Médiation en droit du travail

La médiation en droit du travail englobe une variété de modes de règlement des différends entre les employeurs et les syndicats dans le secteur syndiqué du marché du travail.

La médiation en droit du travail englobe une variété de modes de règlement des différends entre les employeurs et les syndicats dans le secteur syndiqué du marché du travail. L'objet de la médiation est de régler, d'une part, les « conflits d'intérêts » dans le cadre de la négociation d'une convention collective et, d'autre part, les « conflits de droits » portant sur l'interprétation de la convention collective.

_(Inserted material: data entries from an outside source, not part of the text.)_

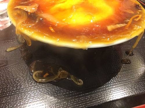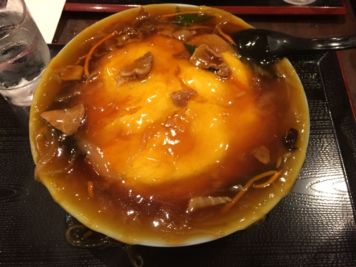 そこへ登場しました〜!蓬莱さんの天津丼!おいしそう〜!熱々ですから、やけどに注意ですよ〜!そして、、もう一つの特徴が、、、、必ず餡がこぼれています。昔はもっとこぼれていて器をもったらべとってついていました。笑。これが蓬莱さんの特長なんですよね〜!たっぷりにかけてくださるのでうれしいですよね〜!
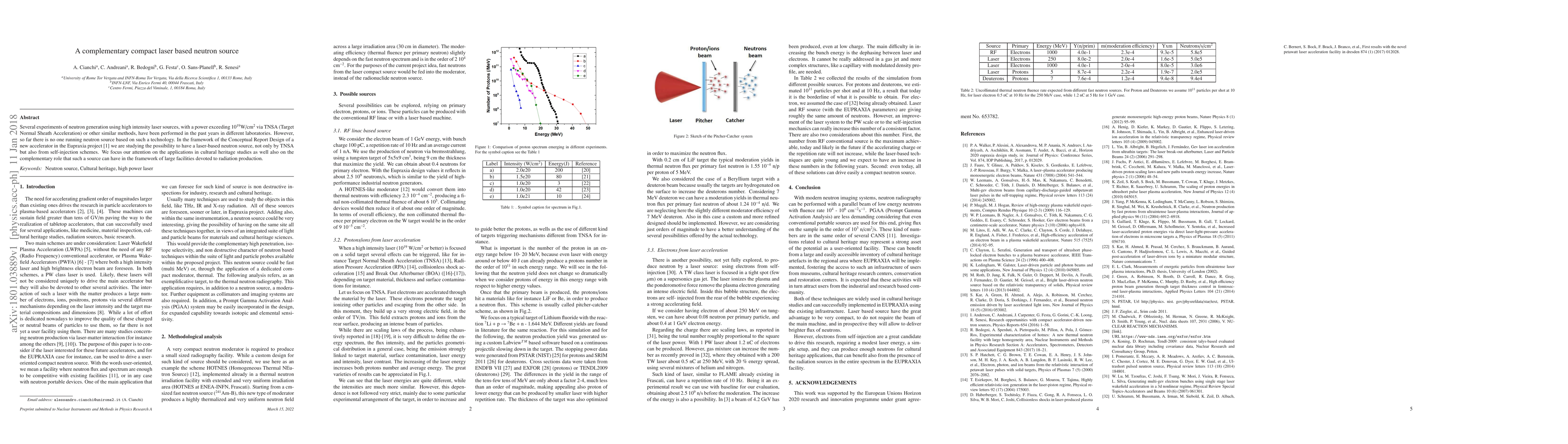 Researchers developed a concept for a compact laser-based neutron source with potential applications in cultural heritage studies and radiation production facilities. They explored various methods, including Target Normal Sheath Acceleration and self-injection schemes, to achieve high-intensity neutron generation.
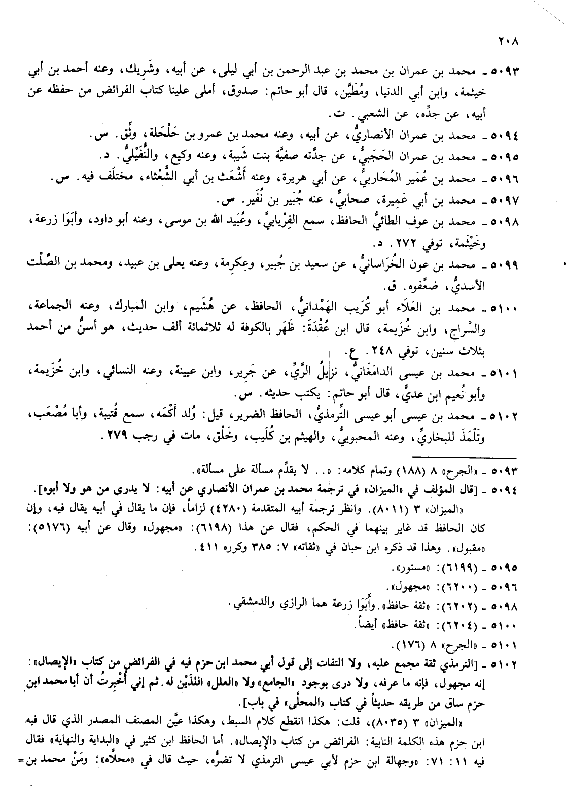 5102- محمد بن عيسى أبو عيسى الترمذي الحافظ الضرير قيل ولد أكمه سمع قتيبة وأبا مصعب وتلمذ للبخاري وعنه المحبوبي والهيثم بن كليب وخلق مات في رجب 279
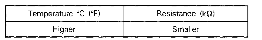 The 5V power supply within the engine control module is supplied, by way of the resistance within the unit, to the intake air temperature sensor; it passes through the intake air temperature sensor, which is a type of resistor, and is grounded at the engine control module. Note that the resistance of the intake air temperature sensor decreases when the temperature of the intake air increases.
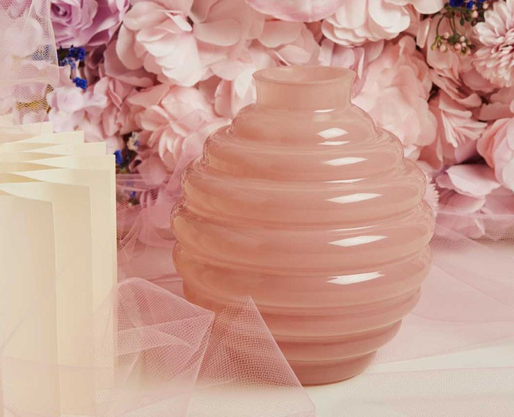 Il Vaso Tondo Piccolo Rosa è un elemento d'arredo che cattura lo sguardo con il suo design moderno e la sua delicata tonalità. Realizzato in vetro soffiato rosa satinato, presenta un'originale forma tondeggiante arricchita da una lavorazione a fasce orizzontali in rilievo che conferisce texture e profondità.
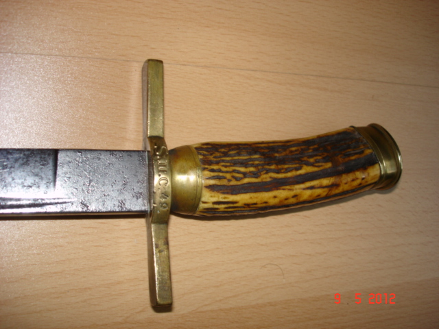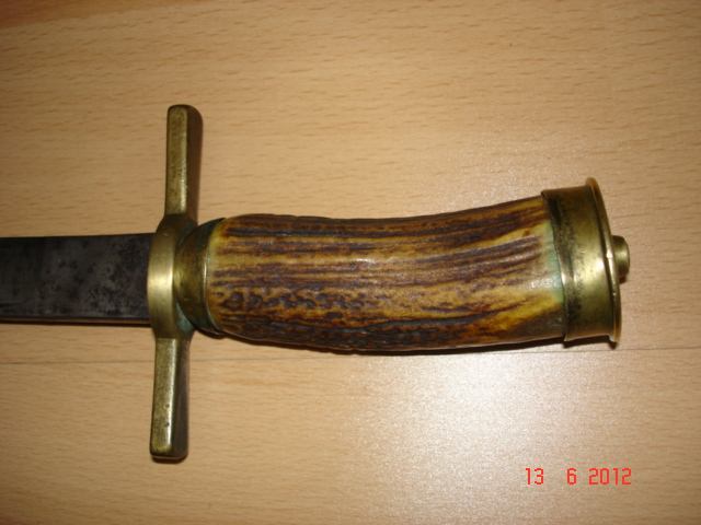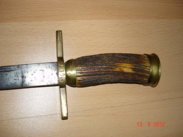 Hirschfänger alte Probe , mit Hirschhorngriff , M 1820 vom II.Schützen=Bataillon und vom I.Jäger=Bataillon
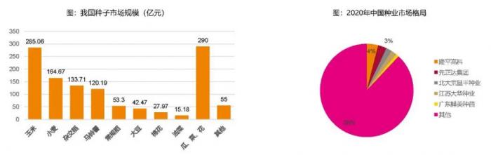 根据《2020年中国农作物种业发展报告》,2019年我国种子市场规横接近1200亿元,其中玉米、小麦杂交水稻种子是前三大品种。
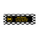 These cool return address mailing labels have a black and white chequerboard design in the background. There is a solid black area where your name and address will appear in yellow font. Customize text with your information. There is a black oval with yellow trim and your monogrammed initial in yellow as well. These super cool chequerboard labels are perfect for race fans and anyone that likes cool design.
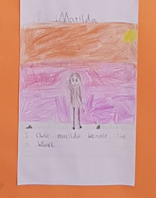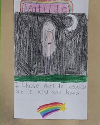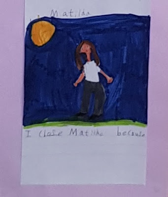 Her first surprise was that it was a boy. The voice had been so hushed and gentle, Matilda had expected a young woman. Next, she was surprised to find that his eyes studied her as thoughtfully as she was studying them. And they were frightening eyes. They were wild and blue, even in the night light of the moon. She was about to step away from them, but he caught her wrist and laughed again.And, of course, the main character Matilda was the chosen character of quite a few!
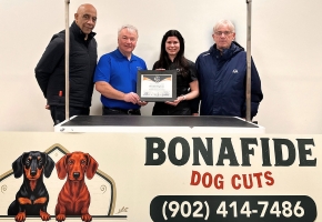 The Town of Amherst is pleased to welcome Bonafide Dog Cuts, a new dog grooming business now open in the community. Recently, Mayor Rob Small and Councillors Hal Davidson and Terry McManaman met with owner Chelsea Skinner to congratulate her on the opening of her new salon, and to present a new business certificate in recognition of her exciting new venture.
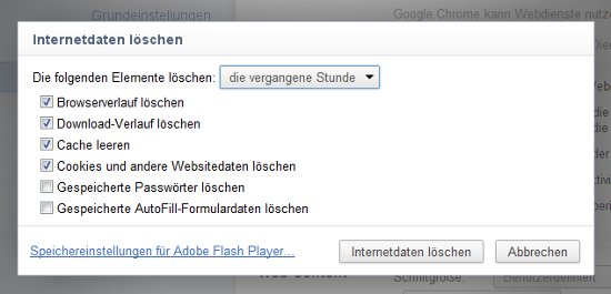 Hier kann man den Browser-Verlauf, die Download-Chronik, Formulardaten, Cache oder Cookies löschen. Hierbei kann man ähnlich wie bei Firefox auswählen, ob man dies nur für einen bestimmten Zeitraum oder komplett machen will. Es ist also kein Problem die meistbesuchten Seiten in Chrome zu löschen. Wer gar nicht erst will, dass ein Verlauf angelegt wird, der kann auch im Inkognito-Modus surfen. Diesen erreicht man per Tastenkombination Strg+Shift+N oder über das Menü.

Depuis le début du siècle, une caractéristique principale marque le régime des négociations collectives et le droit du travail au Canada (voir Négociation collective et Droit du travail), soit la participation active de gouvernement en qualité d'« intermédiaire impartial » pour aider les employeurs et les syndicats à négocier les modalités de leur convention collective. Si les parties se butent à une impasse dans leur négociation directe de la convention collective, l'une ou l'autre a le droit de recourir à la sanction économique, savoir la grève dans le cas des employés et le lock-out dans le cas de l'employeur. Mais, toutes les autorités législatives canadiennes exigent que les parties se soumettent d'abord à un processus de médiation appelé « conciliation » avant d'exercer le droit de grève ou de lock-out.

La conciliation

Divers modèles de conciliation existent, mais ils comportent tous des conciliateurs. Ces derniers sont des fonctionnaires chargés de faciliter le processus de négociation à la demande de l'une ou l'autre des parties engagées dans une négociation collective. Les conseils de conciliation tripartites formés de personnes désignées par chacune des parties et d'un tiers neutre qui préside le conseil et qui est choisi par les représentants des parties constituent une autre étape du processus de conciliation dans de nombreuses autorités législatives, mais leur utilisation est largement limitée aux conflits de travail dans le secteur public. Une variante de ce modèle est le commissaire conciliateur, tierce partie neutre et indépendante nommée par le gouvernement pour faciliter la résolution d'un conflit survenu lors d'une négociation collective.

Conciliateurs

Les conciliateurs travaillent de façon informelle et ne présentent leurs conclusions qu'au gouvernement. Les conseils de conciliation et les commissaires conciliateurs travaillent de façon plus formelle et présentent leur rapport formel au gouvernement et aux parties. Ce rapport comporte leurs conclusions accompagnées de recommandations sur la façon de régler le conflit. Ces rapports sont rendus publics, et bien qu'ils ne s'imposent pas aux parties, ils servent souvent de base aux parties pour la résolution du différend. La médiation postérieure à la grève ou au lock-out, inspirée de l'expérience tant du secteur public que du secteur privé, est devenue une caractéristique additionnelle de la médiation en droit du travail au Canada, à laquelle on fait appel le plus souvent lors de conflits de travail interminables et insolubles.

Deux dernières décennies

Durant les deux dernières décennies, la médiation en droit du travail sert à faciliter la résolution des conflits de droits nés d'une convention collective. Habituellement, le gouvernement offre des services de médiation pour aider les parties à résoudre un grief découlant d'une convention collective avant de renvoyer l'affaire à l'arbitrage obligatoire. Ces médiateurs sont souvent choisis parmi les mêmes groupes que les conciliateurs chargés des conflits d'intérêts, bien que des tentatives soient faites dans certaines autorités législatives pour privatiser cette fonction et la séparer des services de médiation en droit du travail qu'offre le gouvernement.